* WHAT IS NEEDED: Everything from the line with "河北保定阜平县一大法弟子的儿" down to the line with "BTW, Thermal Calibration" below must be printed exactly, those two lines included. Exclude pictures.

* ENTRIES SUPPLIED:
▬▬▬

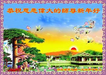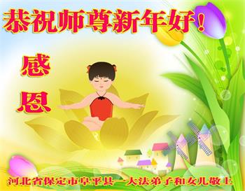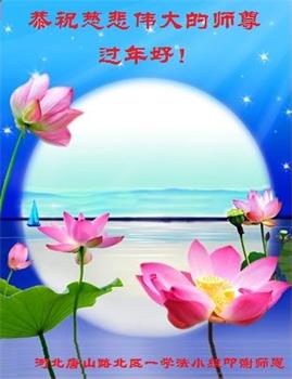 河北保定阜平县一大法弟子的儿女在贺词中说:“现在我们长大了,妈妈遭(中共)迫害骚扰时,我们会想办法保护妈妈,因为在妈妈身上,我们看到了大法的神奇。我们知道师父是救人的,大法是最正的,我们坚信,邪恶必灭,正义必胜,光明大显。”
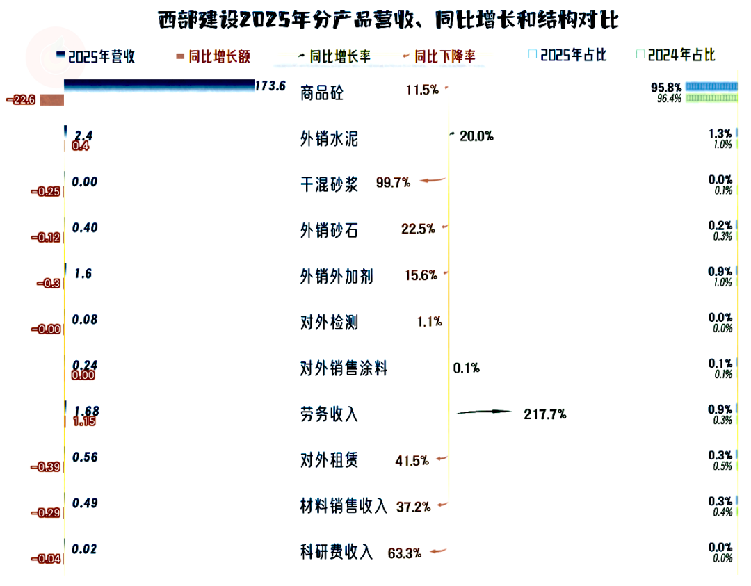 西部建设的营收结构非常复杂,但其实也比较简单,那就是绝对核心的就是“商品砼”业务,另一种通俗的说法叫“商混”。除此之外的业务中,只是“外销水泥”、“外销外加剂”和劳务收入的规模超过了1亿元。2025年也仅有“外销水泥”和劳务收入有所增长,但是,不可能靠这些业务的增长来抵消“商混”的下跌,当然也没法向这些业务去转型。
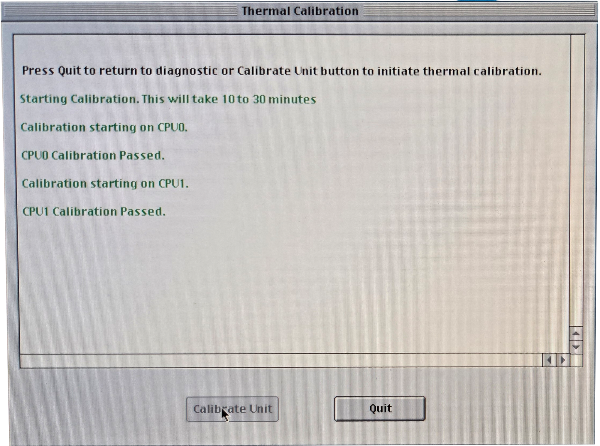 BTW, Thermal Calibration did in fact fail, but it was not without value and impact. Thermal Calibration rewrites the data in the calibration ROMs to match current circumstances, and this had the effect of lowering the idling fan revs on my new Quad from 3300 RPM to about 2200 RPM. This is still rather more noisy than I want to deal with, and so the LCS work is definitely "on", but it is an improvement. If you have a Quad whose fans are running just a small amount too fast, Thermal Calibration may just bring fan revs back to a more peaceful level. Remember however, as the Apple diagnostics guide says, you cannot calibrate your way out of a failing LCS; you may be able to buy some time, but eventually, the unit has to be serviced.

▬▬▬

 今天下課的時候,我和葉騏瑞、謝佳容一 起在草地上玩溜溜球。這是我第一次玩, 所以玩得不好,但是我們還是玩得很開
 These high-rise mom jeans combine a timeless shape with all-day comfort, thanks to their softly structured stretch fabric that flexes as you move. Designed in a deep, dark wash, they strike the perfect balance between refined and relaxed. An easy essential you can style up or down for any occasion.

▬▬▬

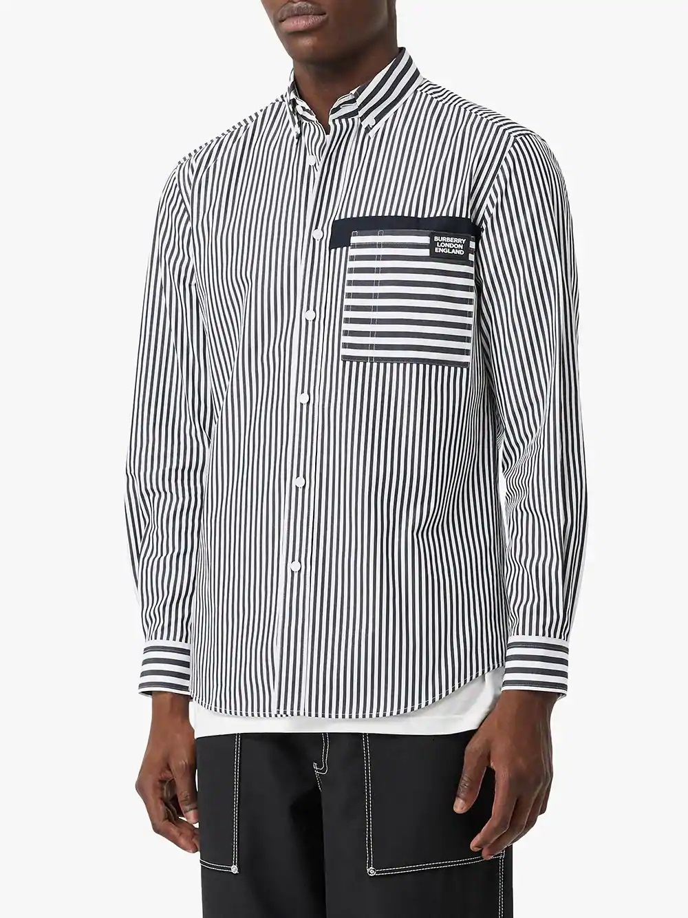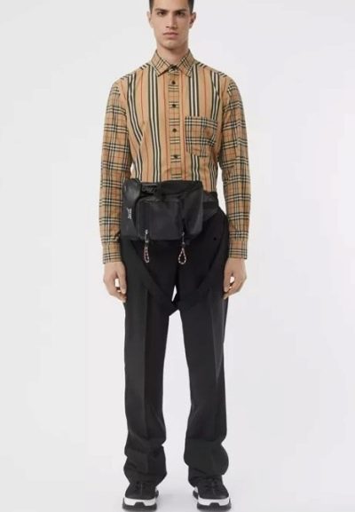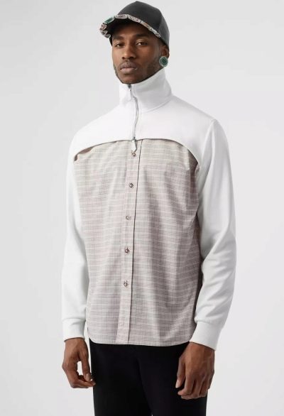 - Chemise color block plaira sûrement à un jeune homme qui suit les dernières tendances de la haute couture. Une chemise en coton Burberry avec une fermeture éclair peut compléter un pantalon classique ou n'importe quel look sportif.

▬▬▬

* WORKED SOLUTION:
 河北保定阜平县一大法弟子的儿女在贺词中说:“现在我们长大了,妈妈遭(中共)迫害骚扰时,我们会想办法保护妈妈,因为在妈妈身上,我们看到了大法的神奇。我们知道师父是救人的,大法是最正的,我们坚信,邪恶必灭,正义必胜,光明大显。”
 西部建设的营收结构非常复杂,但其实也比较简单,那就是绝对核心的就是“商品砼”业务,另一种通俗的说法叫“商混”。除此之外的业务中,只是“外销水泥”、“外销外加剂”和劳务收入的规模超过了1亿元。2025年也仅有“外销水泥”和劳务收入有所增长,但是,不可能靠这些业务的增长来抵消“商混”的下跌,当然也没法向这些业务去转型。
 BTW, Thermal Calibration did in fact fail, but it was not without value and impact. Thermal Calibration rewrites the data in the calibration ROMs to match current circumstances, and this had the effect of lowering the idling fan revs on my new Quad from 3300 RPM to about 2200 RPM. This is still rather more noisy than I want to deal with, and so the LCS work is definitely "on", but it is an improvement. If you have a Quad whose fans are running just a small amount too fast, Thermal Calibration may just bring fan revs back to a more peaceful level. Remember however, as the Apple diagnostics guide says, you cannot calibrate your way out of a failing LCS; you may be able to buy some time, but eventually, the unit has to be serviced.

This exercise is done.